The Tn5 border fragments were cloned into pBluescript II SK, thus generating plasmids pGA11L, pGA11R, pGA12L, and pGA12R. DNA sequence analysis of the Tn5 flanking regions (left and right ends) of strain GA11 revealed the presence of an ORF, designated ORF11 (Fig. 2), sharing high sequence similarity with the carboxyl-terminal region of putative integral membrane sensor signal transduction histidine kinases from both Ochrobactrum anthropi strain ATCC 49188 and Symbiobacterium thermophilum IAM strain 14863. A similar DNA sequence analysis revealed the presence of another ORF in the region adjacent to left end of the Tn5 insertion into strain GA12 and was named ORF12 (Fig. 2). ORF12 was likewise highly similar to a presumptive response regulator receiver with a predicted σ54 factor helix-turn-helix DNA-binding motif of O. anthropi strain ATCC 49188. In the genome of O. anthropi ATCC 49188, these two genes were adjacent, showed the same transcriptional organization of a dctBD operon, and could be predicted to specify a similar regulatory system for a transport system (see below). The two O. anthropi ATCC 49188 ORFs also overlapped by 13 nucleotides, indicating that their expression would likely be controlled by a single promoter.

FIG. 2.

FIG. 2.

Organization of the kgt locus. The triangles indicate the location of theTn5 transposon in each mutant (GA11 and GA12). Restriction sites are abbreviated as follows: E, EcoRI; S, SalI; C, ClaI. The horizontal lines represent the chromosomal fragments cloned into the plasmids indicated above each line. The vectors used to clone the fragments of pSB10 and pSB11 were pCR 2.1 and pHRP317, respectively. For pSB12 and pSB13, the fragments were cloned into pMP220 in both cases.

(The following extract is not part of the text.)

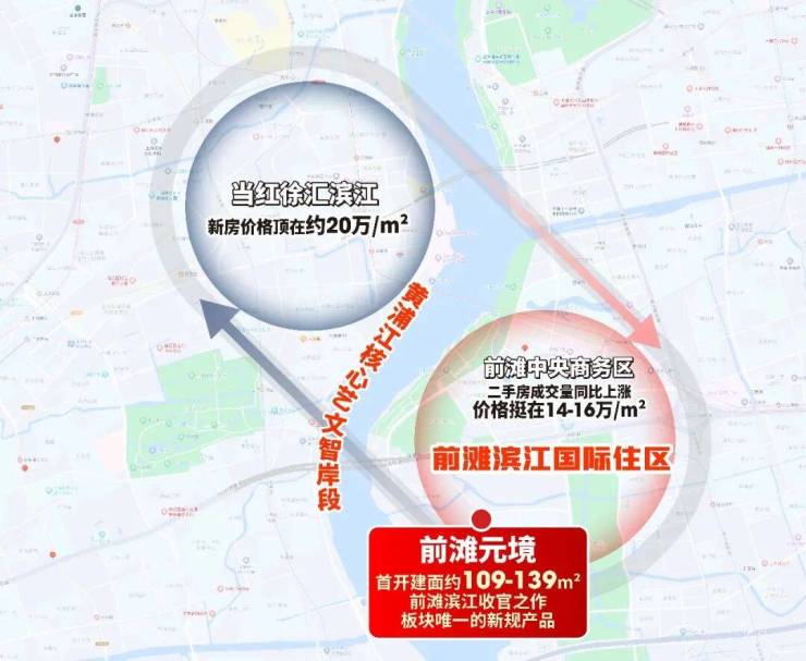 项目牢牢锚定前滩核心,与前滩商务区深度联动,同时直线距滨江仅约300米,兼具核心地段与滨江资源。

DNA sequence analysis from the EcoRI cloning site of pGA12-10 and pGA11-10 (primer T7 of the pBluescript II SK vector) (Fig. 2) was done to determine if the same 10-kb EcoRI fragment had been targeted in the two mutants and to provide further evidence that ORF11 and ORF12 were linked. Indeed, the same sequence was found for this end of the two 10-kb EcoRI fragments. The sequence analysis also revealed the presence of another ORF in the two fragments that was divergently oriented with respect to the adjacent ORF11 and ORF12. Restriction mapping also indicated that the orientation of ORF12 was the same as that of ORF11 and that it was tightly linked and just downstream of ORF11 (Fig. 2).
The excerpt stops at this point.